A lovely book confession

I’m still not entirely sure how this happened, but my lovely friend Cari got hold of a print and e copy of this book by the amazing runner, Deena Kastor, and then happened upon her at a race expo in Washington DC and a book event in New York, and somehow she has ended up with a copy she’s read and a signed bookplate to keep and I’ve ended up with the hard copy book signed to me by Deena! Thank you so much Cari! I’ve just discovered Wendy from Taking the Long Way Home’s Book Club and this is her April book, so I’m hoping to fit it in after this weekend (I do have that Readathon I’m doing the last weekend in the month but I fear that’s going to be a Tardis of books shoehorned into not enough time!) and I’ve also requested her May book via NetGalley.
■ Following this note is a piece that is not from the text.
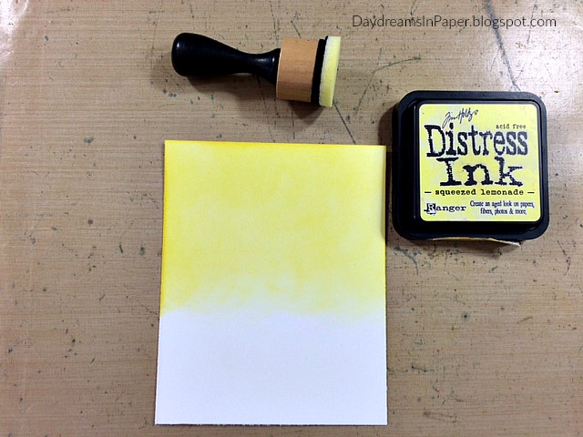 I begin by creating the background scene for my wall hanging by inking the top half of a 4-1/2″ x 5-1/2″ piece of Neenah Solar White card stock with Squeezed Lemonade Distress Ink.

Phew, that’s a lot of stuff, hope you’re still with me! I’m currently reading Christopher Booker’s “The Seven Basic Plots” (which is going to take me some time) and “The Lido” by Libby Page, which comes out today and has had a lot of chatter and which is ABSOLUTELY LOVELY so far (I sat down to read it at breakfast and tore myself away at 33%) – it’s the story of two women who have got a bit lost in life battling to save a Lido, and is set in Brixton and Brockwell, beautifully realised). I really hope it lives up to this first third. I also need to start “Running the Smoke” which is 26 tales of running the London Marathon, a must-read as I go down to spectate for the first time in years, and support my lovely friend Bernice, running her first marathon.

What are you reading? Have you had a booky pinch point this year yet where there are just TOO MANY BOOKS to read in one week?